Seriously, I'm looking at TSEP right now, and will do some tests today with it. But I'm a novice (at best) when it comes to php and the like, so any advice would be helpful.

Gracias.

Eagle66
03-03-2011, 03:17 PM
IBM OmniFind Yahoo! Edition
http://omnifind.ibm.yahoo.net/productinfo.php

- Free
- Linux RedHat or Windows Operating Systems
- works as designed
- Product is end-of-live
- max. 500,000 documents
- works for 200 file types
- no support

:) :hey:

BlueApple
03-03-2011, 03:38 PM
Thanks Eagle66, I will look into that :)

Hopper
03-03-2011, 04:26 PM
Google Search Appliance (http://www.google.com/enterprise/search/gsa.html) ... It's the only Intranet search engine even worth looking at.

BlueApple
03-03-2011, 05:37 PM
IBM OmniFind Yahoo! Edition
Clicking on Installation Guide returns an error- that does not bode well. I shall read more.

Google Search Appliance
This looks perfect, except for the price. It'd be easier to persuade my boss to let me put a search engine on our site if there was a free open source solution. Perhaps one gets what they pay for in this situation.

Matt
03-04-2011, 06:56 PM
I'm interesting in any easy to integrate tech too.

Pixelthekid
03-04-2011, 07:52 PM
Maybe Lucene by the Apache Foundation?
http://lucene.apache.org/java/docs/index.html

There are plugins to handle PDF, Word, etc. Free and pretty decent.

Hopper
03-04-2011, 11:02 PM
Maybe Lucene by the Apache Foundation?
http://lucene.apache.org/java/docs/index.html
We had done a bit of research and even attempted to use Lucene during our first go-'round, but it still remains to be an extremely inferior design. The Apache page claims that it is considered to be "high performance", but we beg to differ. According to index times, it is over 120 times slower on index retrievals and quantity partitions. They are still using an old TF/IDF ranking system (Excite search engine used to use that ... remember them? .. Didn't think so..). So even when it found documents that you want, if your document shared any commonality with more than 10 other documents, the chances you will find it first is about 20%. So if you had 200 documents that shared rankings, you might find your document after going through over 160 of them first.
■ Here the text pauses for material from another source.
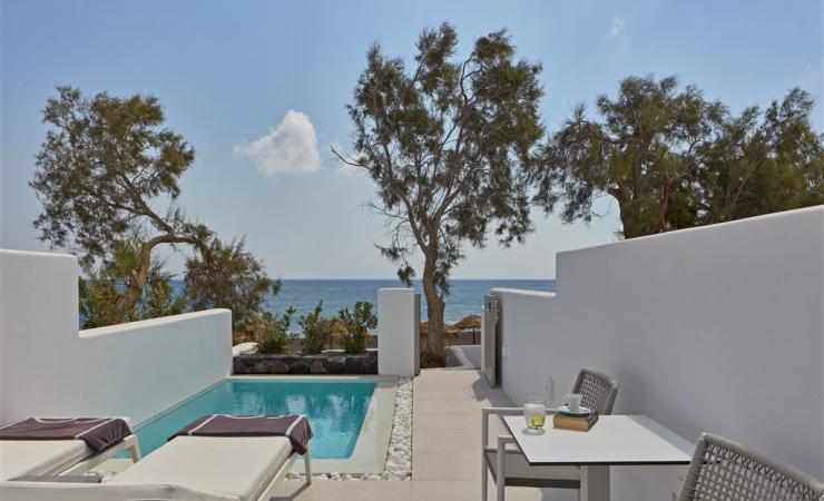 Costa Grand Resort and Spa s typickými bielymi stenami v spojení so svetlým drevom a izby s nádychom jemnej mätovej farby Vás osloví nie len svojim vzhľadom ale aj pohostením a výhľadmi na more. Je letným mestom pre všetkých, ktorí hľadajú skutočnú letnú zábavu a potešenie pod slnkom. Má dokonalú polohu na kozmopolitnej čiernej piesočnej pláži Kamari a ponúka vám dokonalý pocit bosého luxusu priamo na pláži. Je výbornou voľbou pre novomanželov na svadobnej ceste, skupinu priateľov aj pre rodiny.

And once you got over 256GB of index data, it usually cratered. these days, that's not as much as you think it is.

So .. just an FYI in case you are still interested. There are a handful of solutions out there, and they all work fairly well at low volumes, but once you really start to amass some serious volumes... there are only 1 or 2 that will maintain an acceptable performance level.